Frustrated by the limited opportunities available to most young actresses, 26-year-old Illeana Douglas decided to take matters into her own hands and direct her short film, The Perfect Woman, a satire on what men really want to hear from women. A working actress best known for her role as “Lori,” a law clerk who has the misfortune to bed DeNiro’s “Max Cady,” in Cape Fear, and as a sharp-witted receptionist in the forthcoming Grief, Illeana used her earnings to finance the nine-minute film, which opened for The Piano at this year’s New York Film Festival. It will also appear at Sundance and in an unusual move, Miramax will distribute the short as an opener for a feature, Camilla, due out in late spring. Encouraged by the success of The Perfect Woman, Illeana is planning a sequel, The Perfect Man, as well as another comedic short, Candidates for Prozac: A Love Story. Her busy schedule includes projects with directors Alison Maclean, Alison Anders, and first-time director David Salle, whose film Search and Destroy will begin shooting in January co-starring Illeana and Griffin Dunne. In person, Illeana Douglas is down-to-earth, funny and cerebral, much like the 1940s film heroines she most admires.

Illeana Douglas That tape recorder looks like the first one I begged for as a kid. I taped everything and everybody. I was one of those irritating children. I was obsessed.

Lynn Geller You’d interview other people?

ID Yeah, I’d go around and say to teachers: “What are you doing to stop pollution?” “Who are you going to vote for?” (laughter)
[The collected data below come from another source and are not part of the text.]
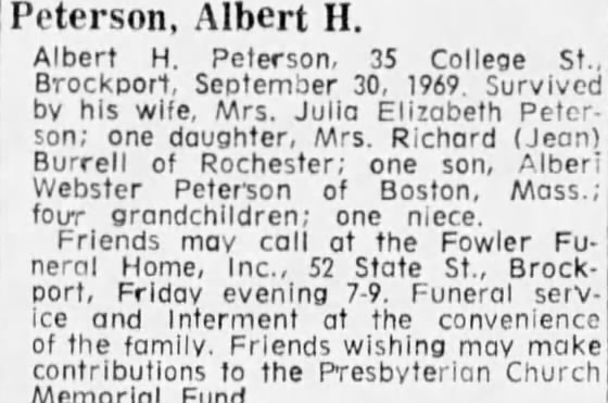 - [S7459] Democrat and Chronicle, Rochester, NY, Newspaper, Albert H Peterson obituary notice, published 2 Oct 1969, p 27.
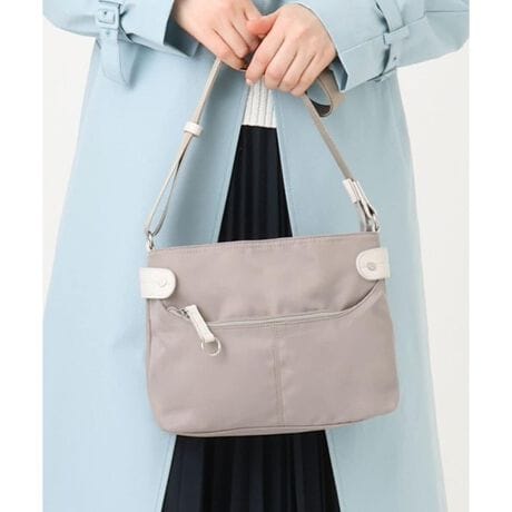 コンパクトなデザインですがポケット収納が充実しており、リップや目薬といった小さめのお荷物から、文庫本まで幅広く入れていただけます。フロントやバックの外ポケットにもファスナーがついているので、サっと取り出したいものを入れても落とす心配がない点が◎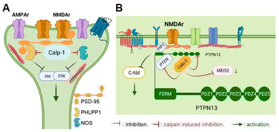 All the data are, therefore, consistent with the notion that, in the brain at least, calpain-1 and calpain-2 play opposite functions in synaptic plasticity and learning and memory as well as in neuroprotection/neurodegeneration [121,122]. Obviously, a critical question concerns the potential mechanism(s) that could account for these opposing functions. One of the mechanisms we identified is related to the different targets for calpain-1 and calpain-2. Thus, calpain-1 activation results in the cleavage and inactivation of SCOP, a negative regulator of ERK, and PI3-Akt, a pro-survival kinase [112,123]. On the other hand, calpain-2 degrades and inactivates STEP, resulting in the activation of p38 and downstream cell death signaling pathways [110,124,125]. Another mechanism we identified was provided by the existence of different (PSD-95/Dlg/ZO-1) (PDZ) binding domains in the C-terminal domains of calpain-1 and calpain-2 [121]. We postulated that these domains result in the association of calpain-1 and calpain-2 with different signaling pathways—involved in neuroprotection and synaptic plasticity for calpain-1, and in opposing synaptic plasticity and stimulating neuronal damage for calpain-2 [88,122,126] (Figure 2). Calpain-1 is likely to be associated with PSD-95, which also binds the NMDA receptors, as well as neuronal nitric oxide synthase (nNOS) and PHLPP1 [127] (Figure 2A). Interestingly, all the members of the calpain family exhibit a PDZ binding domain in their C-terminal domains, which suggests that they are all associated with distinct signaling pathways [88]. In searching for a PDZ binding partner for calpain-2, we identified tyrosine phosphatase, PTPN13—also known as Fas-Associated Protein 1 (FAP1)—a negative regulator of apoptosis [128]. Importantly, PTPN13 is selectively cleaved and inactivated following calpain-2 activation, resulting in the activation of downstream signaling pathways, including apoptosis and various protein kinases, such as c-Abl (Figure 2B). This pathway could account for the abnormal tau phosphorylation observed following TBI [128]. Moreover, a fragment of PTPN13 with a molecular weight of about 130 kD leaks into the blood and its levels were found to be correlated with the degree of injury following TBIs in both mice and humans [129]. Interestingly, PTPN13 has five PDZ binding domains and also binds PIP2 and PTEN in addition to calpain-2 [130,131,132] (Figure 2B). This could account for the activation of calpain-2 following stimulation of extrasynaptic NMDA receptors—resulting in the truncation of PTEN and PTPN13—as well as in the autolysis of calpain-2—resulting in the prolonged activation of calpain-2—which has been shown following TBI or status epilepticus [118,120].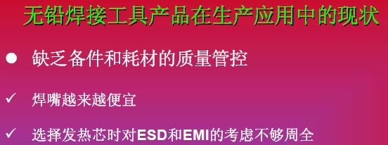 中國的無鉛焊接工藝,在過去十年里面得到了長足的發(fā)展,在目前這個階段,無鉛焊接工具這個行業(yè)的背景到底是怎樣的狀況,它的產(chǎn)品創(chuàng)新究竟要怎樣來進行,以及我們今后在無鉛焊接工具這個行業(yè)里面,怎樣去進一步發(fā)展和展望?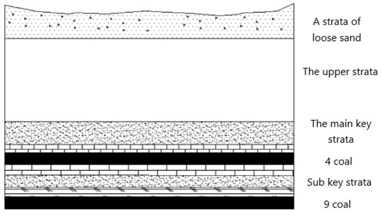 In the coal seam No. 4 mining, the main key layer (rock No. 10, referred to as key layer 1) plays a dominant role in controlling the activities of the overburden (Figure 2). When the coal seam No. 4 is exhausted, the coal seam No. 9 is mining, and the sub-key layer (rock layer No. 14, referred to as key layer 2) becomes the main key strata of the overburden of the coal seam No. 9. The key strata structure has changed a single key layer of the upper structure (Figure 3), which can present typical rock pressure characteristics of strata behavior.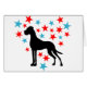 Dogge vor Herz aus Sternen in zwei Farben, hier hellblau und rot - Great Dane and a heart of stars. dogos alemanes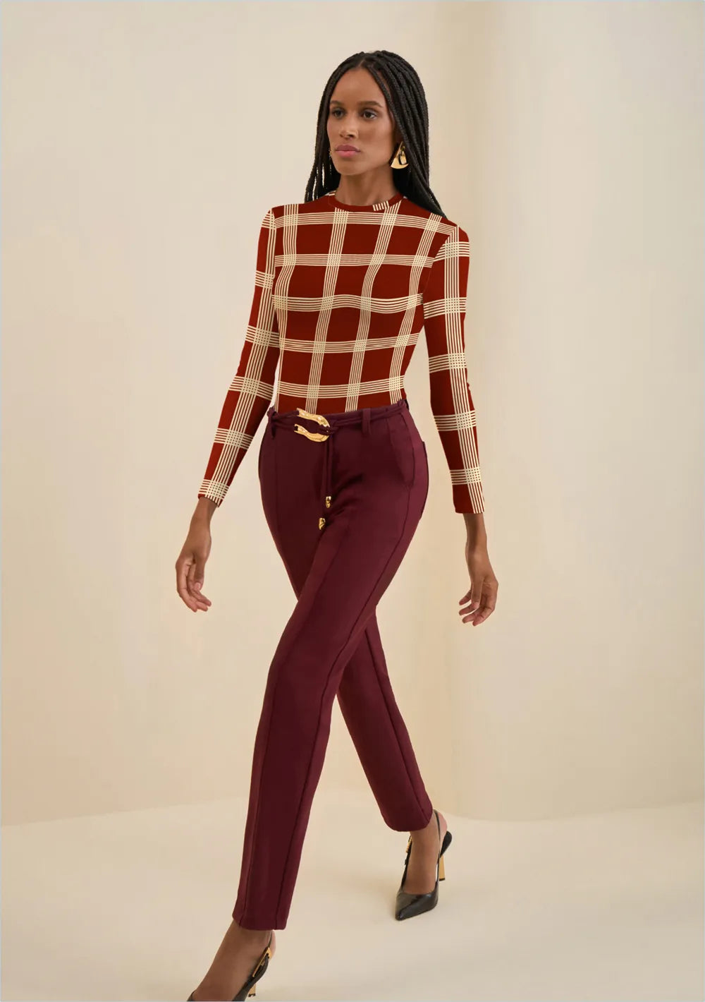 Pantalón recto de tiro medio en color marrón de Morena Rosa: un toque de sofisticación...

LG That’s so cute. Hippie parents?

ID I was the original hippie child.

LG So when did you start acting?

ID I was 16. I lived in a small town and they opened a dinner theater, so I pretended to be 18—you had to be to work there. You also had to work …

LG As a waitress.

ID As a waitress. I thought it was very glamorous. It was the first time I came into contact with all these gay guys who were in road tours in Vegas. They taught me everything about sex, how to get a guy, how to do June Taylor dancing and aquatic ballet. Basically, everything I learned about life was in that theater.

LG I see a screenplay.

ID But the place was cursed. One night we’re doing Man of La Mancha and this guy died in the audience. (laughter) Literally, while Don Quixote was singing, “To Dream the Impossible Dream.” Then there was a fire, then there was a flood, it was one disaster after another. And then, in-between, when they weren’t doing a show, they would have some has-been like Rudy Vallee.

LG Rudy Vallee?

ID Oh, it was amazing. He did the whole show in a raccoon coat. He was like 80.

LG Would he wear make-up?

ID He wore tons of make-up; he wore lipstick. I was fascinated by him. One day he brought me back into his dressing room. I was thinking, my God, he’s going to pounce on me. But he picked up this tape recorder and said, “Listen to this.” And I’m listening and I said, “It sounds like the ocean.” And he said, “It’s my applause.” (laughter)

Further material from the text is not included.